For your concrete example, $S^1 \times [0, 1]$ is a cylinder, and collapsing the "top" (or bottom, depending on which way you draw it) boundary circle $S^1 \times \{1\}$ gives you a cone, which is homeomorphic to $D^2$. More formally, the map $f\colon S^1 \times [0, 1] \to D^2$ given by $f(x, t) = (1 - t)x$ is continuous and $f(x, 1) = 0$ for all $x \in S^1$, so by the universal property of quotient spaces it factors over a map $S^1 \times [0, 1] / S^1 \times \{1\} \to D^2$ (note for this that a map $g\colon X \to Z$ respects $\sim_Y$ iff $g|_Y$ is constant) which is in fact a homeomorphism (I leave checking the details of this to you :)

Answer 2

As mentioned in the comments, the quotient of a space $X$ by a subspace $Y$ is the space whose points are equivalence classes such that all of $Y$ is a single class (a point in the quotient), and every point in $X \setminus Y$ is a singleton class. So, we often speak of collapsing $Y$ to a point in $X$, thinking of the quotient map $X \twoheadrightarrow X/Y$.

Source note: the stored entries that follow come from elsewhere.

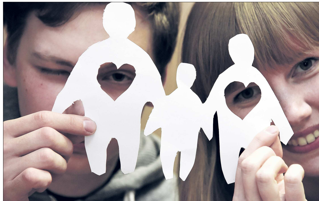
Кoeffициент рождаемости в Свердловской области достиг 14,5 на тысячу населения, что выше аналогичного показателя по России (13,3 на тысячу населения)

— В целях признания заслуг в воспитании детей знаками отличия Свердловской области «Материнская доблесть» различных степеней награждены более 2 тысяч 800 женщин, родивших или усыновивших и воспитав-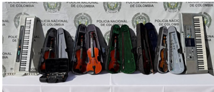
Alumnos, padres de familia, y miembros de la Junta Directiva, siguen solicitando a la comunidad su apoyo.

Alrededor de unos cuatro mil quinientos (4.500) niños se han beneficiado del proceso Fundartes con una formación musical básica, sin ningún tipo de discriminación y con la aplicación de un modelo pedagógico musical propio.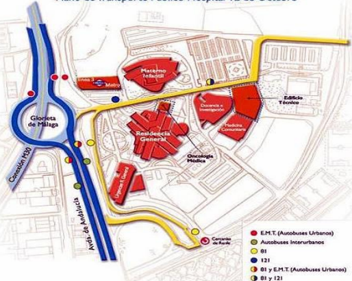
Plano de Transporte Público Hospital 12 de Octubre

Remitir una presentación de Powerpoint con los datos esenciales del caso y los mejores vídeos prenatales al correo medicinafetal.hdoc@salud.madrid.org antes del 20 de noviembre. Su aceptación se comunicará antes del 5 de diciembre. El tiempo programado para la exposición y discusión del caso será 20 minutos.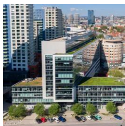
BBC1 & BBC1 Plus Bratislava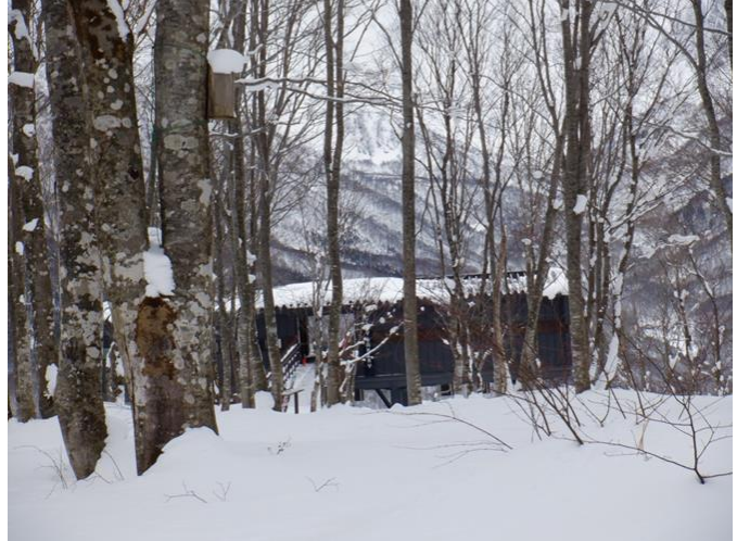
此処までパンを買いに来る程人気 が有ると言うパン屋さん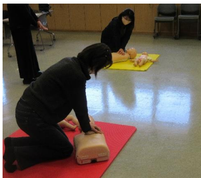
子供におきやすい事故と 予防の手当て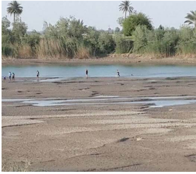
جفاف : نهر ديالى وقد ضربته الجفاف

(3رسائل عاجلة وجهت الى بغداد بالسرزها دعم حوض السوفك ميدانيا على ازمة الجفاف الحادة بالصهاريج لنقل المياه وزيادة خطة حفر الابار ومعالجة التجاوزات واطلاق خطة لكري وتطهير الأنهر والجداول الزراعية لخلق مرونة في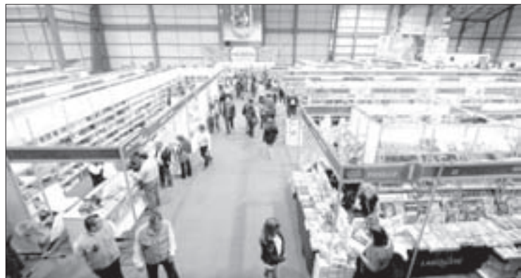
Participaron alrededor de 80 expositores

Es importante señalar que durante los 10 días de actividades, se instalaron cerca de 100 stands, en los que expusieron alrededor de 80 editoriales y librerías.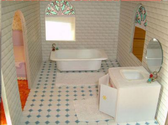
24 Extrait moodboard Yasmina Chavanne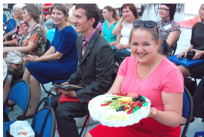
Поздравление Творческому Союзу Учителей от "Сибири"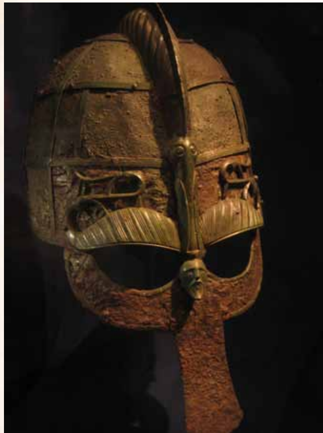
Prakthjelm i jarn og bronse funnen i ei svensk båtgrav frå den tida då Beowulf levde.

☞ Helten Beowulf er prega av ei sterk lagnadstru. Han er overtydd om at det er lagnaden som avgjer når han skal døy. Denne lagnadstrua er djupt forankra i germansk krigartradisjon. Vi finn den same trua også i dei norrøne heltedikta og i islendingesogene.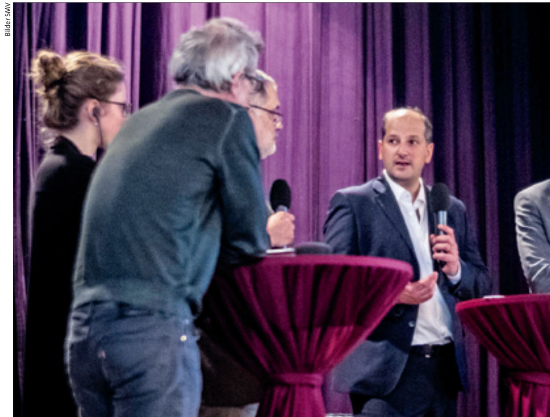
Die Botschaft der Fachleute an der SMV-Tagung war klar: Ohne eine stärkere Förderung des gemeinnützigen Wohnbaus ge

nicht realisieren können.» Die Gemeinde leistete dabei die Anschubfinanzierung, indem sie ein befristet zinsloses Darlehen sowie darüberhinaus auch steuerliche Anreize bot. Zudem profitierte die Genossenschaft von Finanzhilfen durch den Dachverband «wohnbaugenossen-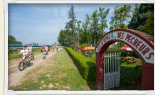
12 Pause bienvenue au Repos des pêcheurs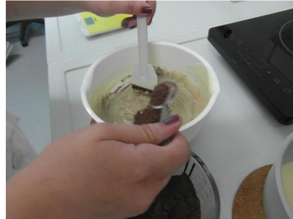
Slika 21.: Miješanje sastojaka u smjesi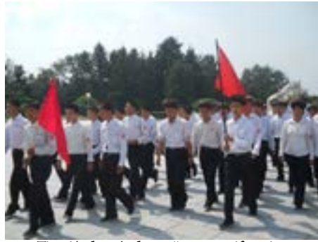
Tineri îndreptându-se către o manifestație

punct de vedere etnic, aceștia vorbesc limba coreeană, varianta HANGUL și folosesc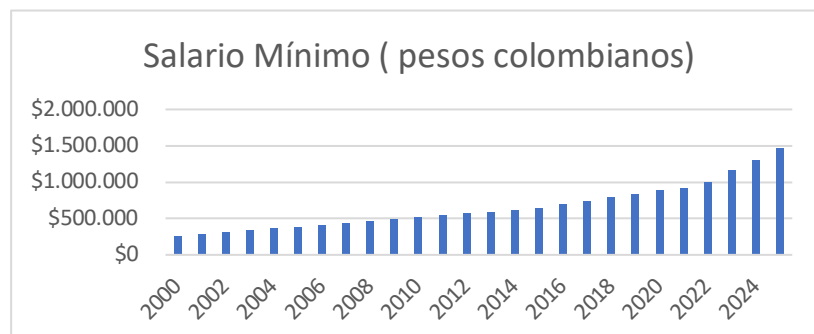
Grafico. Variación histórica del SMMLV en Colombia

Fuente: https://www.salariominimocolombia.net/historico/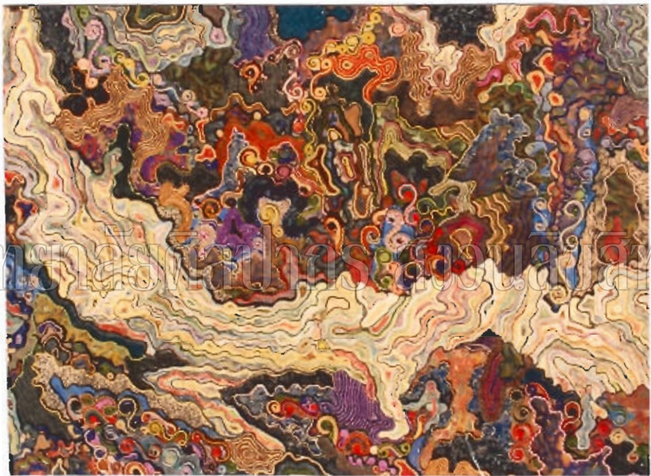
ภาพที่ ๑ : ผลงานก่อนศิลปะนิพนธ์ระยงที่ ๑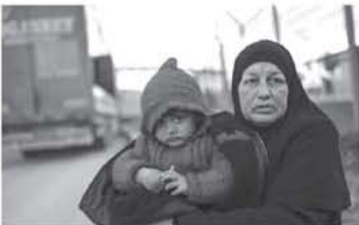
لاجئة سورية في التفتاح بملتان على الحدود التركية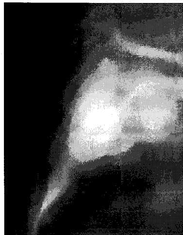
Fig. 4. SCANORA® view (right mesiodens).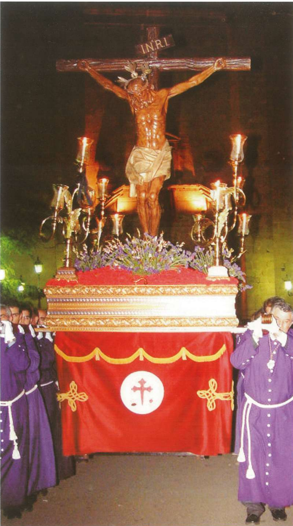
Stmo. Cristo de la Pobreza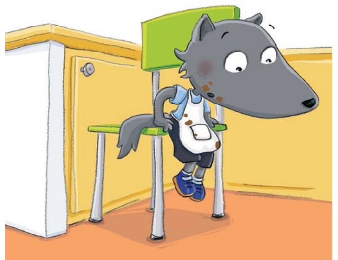
Louna et l'incroyable goûter, Moi j'ai plutôt un peu soif, Larousse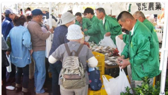
認定農業者協議会で特産品のPR活動

In your example, $X = S^1 \times [0, 1]$ is the cylinder over the circle, and the subspace $Y = S^1 \times \{1\}$ is the circle at one end of the cylinder. What happens when you pinch all of that circle to a single point under the quotient $q$?

You get a cone. Now, you have to convince yourself that this cone is homeomorphic to the disk $D^2$. Picture pushing the cone point down to the plane of the bottom circular boundary, effectively smashing it into the plane. Can you write down this map $h: X/Y \to D^2$ explicitly?